ISG-ICS / cloudberry

Big Data Visualization
http://cloudberry.ics.uci.edu
90 stars 82 forks source link

Elasticsearch Adapter #584

Closed tahoe01 closed 4 years ago

tahoe01 commented 6 years ago

Overview

Develop an adapter to support Elasticsearch as the data search engine of Cloudberry.

Related Evaluation

Issue #568

Codebase

es-adpater

Issue 1: Transaction

Description:

Creating a view table includes four queries in AsterixDB:

Expected behavior

Send only one request to Elasticsearch and complete all of the four queries above sequentially.

Problem

Referred from an Elastic blog, there is no native support for transaction (consecutive sequence of SQL statements).

  1. In our initial implementation, Elasticsearch sometimes doesn't handle the request following our post order. For example, Elasticsearch may handle the request in the following order:

An error occurs when Elasticsearch handles the third request because the twitter index has been dropped.

  1. Our initial implementation first fetches selected records from Elasticsearch to Cloudberry and then injects the records to the destination index in Elasticsearch. In this way, we need to send two requests for this single query. In addition, there is a high overhead for Cloudberry to process a large amount of data.

Solution

Loop through a query list. The query list consists of three queries sent in three requests:

Note: In the loop, after each request is posted to Elasticsearch, we call Await.ready(). Then, the next request will not be posted until we get the response of the previous request. By doing so, the synchronization of three requests is realized in this loop.
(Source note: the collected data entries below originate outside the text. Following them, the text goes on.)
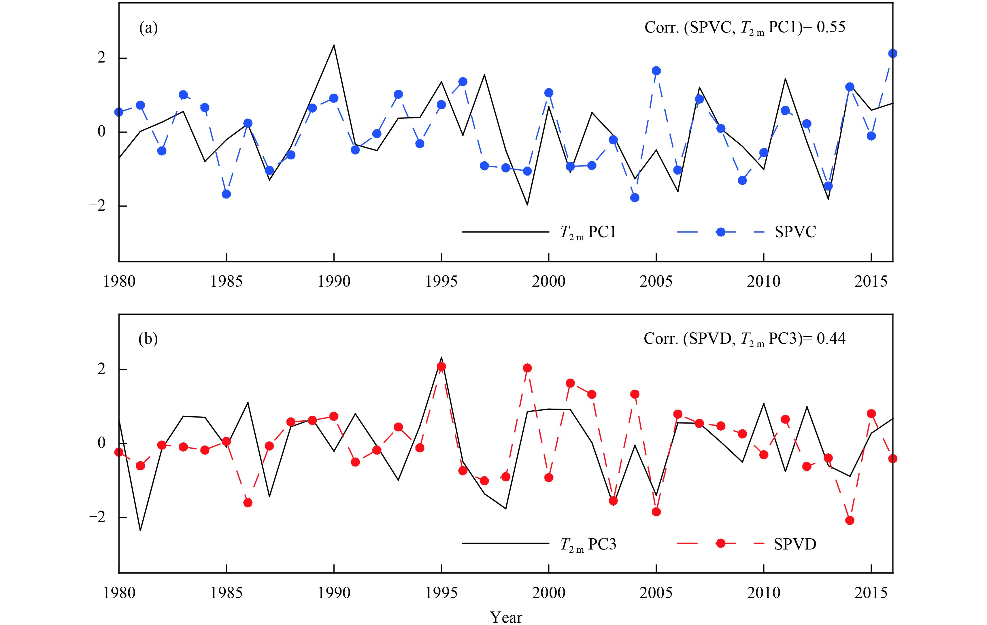 | Figure 4 Temporal evolutions of (a)T2m PC1 (black line) and SPVC (blue line) and (b)T2m PC3 (black line) and SPVD (red line). |
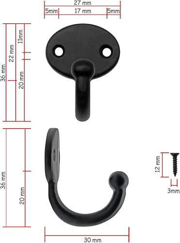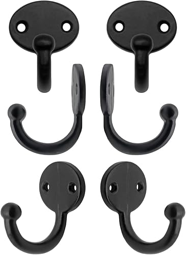 Fuxxer® 6er Set Klassische Garderoben-Haken, Handtuch-Haken, Vintage Schwarz, Oval
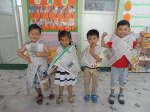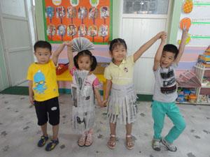 今天我们中三班的小朋友们当起了小小模特,我们利用废旧报纸设计出的时装进行时装表演。小朋友们有的穿着报纸制作成了漂亮的小裙子,有的则穿着帅气的披风,还有的小朋友穿了一个小马甲。看我们的衣服样式多丰富呀,快来跟我们的模特一起走走秀吧!
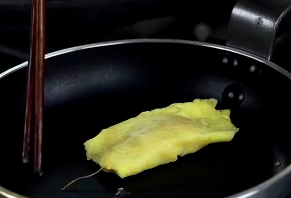 4. Fry one side first to make it into shape, and then turn it over to fry the other side to make both sides mature and consistent in color. Generally, it is golden yellow. When frying raw materials, keep shaking the frying pan to make the raw materials heated evenly.
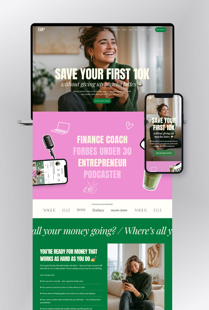 A bold, strategic Showit website template for coaches, podcasters, and bloggers who want to grow online — and look professional doing it. Built with both style and strategy, this template helps you share your message, attract the right audience, and sell your offers with confidence.
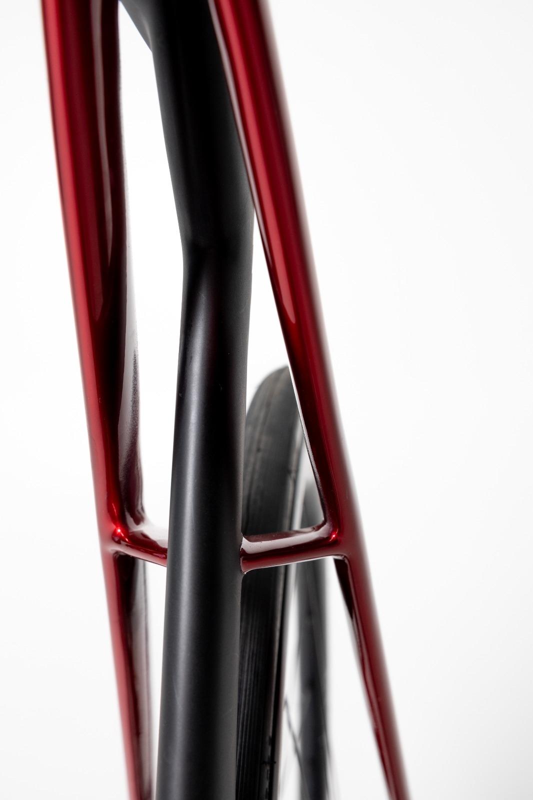 It serves to channel the air inside the frame for better penetration and lower air resistance. The air flow flows fluidity inside the two channels, positioned on the sides of the vertical tube, with an extremely reduced section and caressing the sharp profiles of the high chain stays, quickly exits the bicycle, allowing the cyclist to save precious seconds in saddle due to lower frictional resistance.
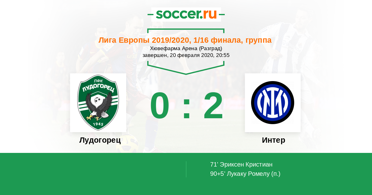 Протокол матча Лудогорец против Интер
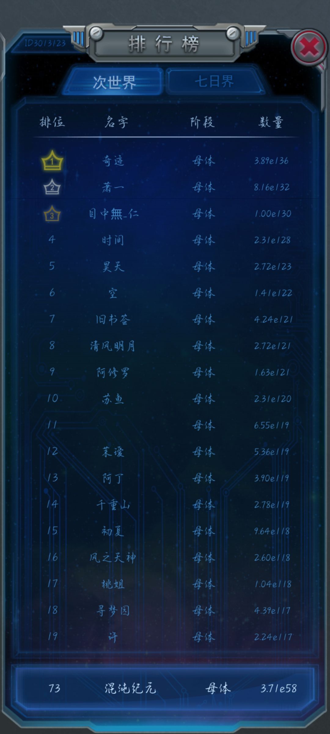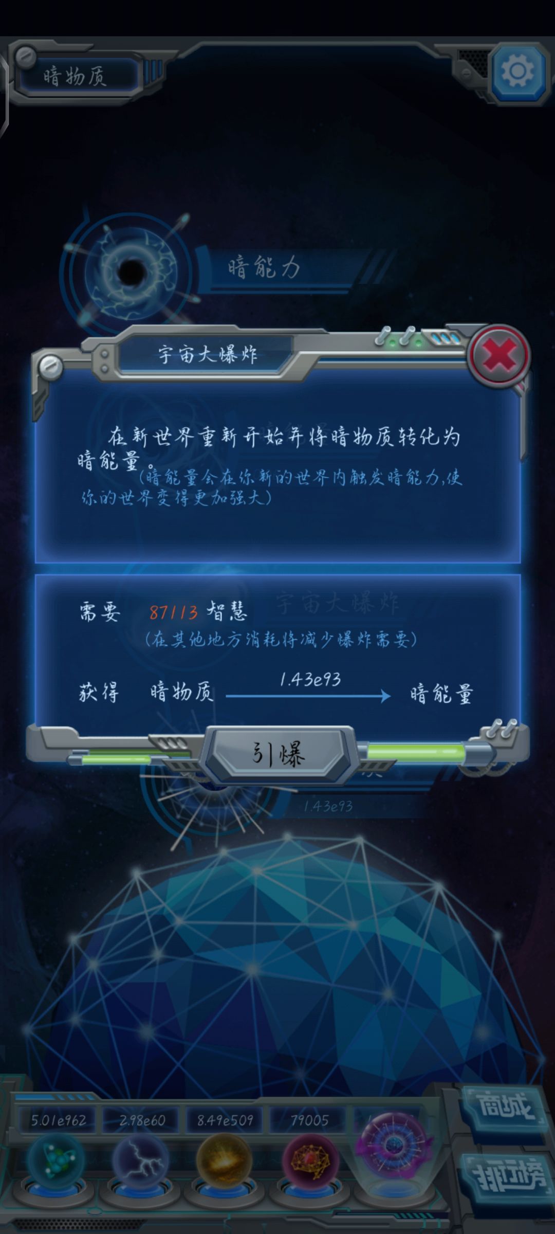 我逛论坛的时候看到MOBS大佬在别的帖子回复过不冲榜的话二炸暗物质到E104左右就可以二炸了,但是冲榜没太大希望。另外,最多只能爆炸19次,也就是说前面爆炸的积累是后面更高数据的基础。
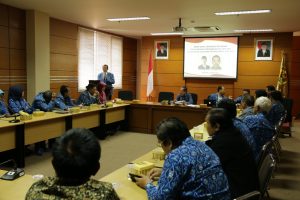 Dr. H. Absar Kartabrata, SH., M.Hum menyampaikan presentasi di hadapan Rapat Senat Universitas Pasundan

Issue 2: Join (More details will be added later)

Description

When users search a keyword on the twittermap, a join query will be sent to join other datasets: state population, county population, and city population. Query results are used by Normalization button on twittermap.

Problem

Performing full SQL-style joins in a distributed system like Elasticsearch is prohibitively expensive. In addition, two forms of join in Elasticsearch are designed to scale horizontally. Referred from Elasticsearch, join is not recommended unless absolutely necessary. For example, data contains one-to-many relationship.

AsterixDB behavior

JOIN query translated by AsterixDB is shown below. It has a subquery to do aggregation first and then joins the population table. In this way, the cost of join operation is largely decreased because the relationship is one-to-one.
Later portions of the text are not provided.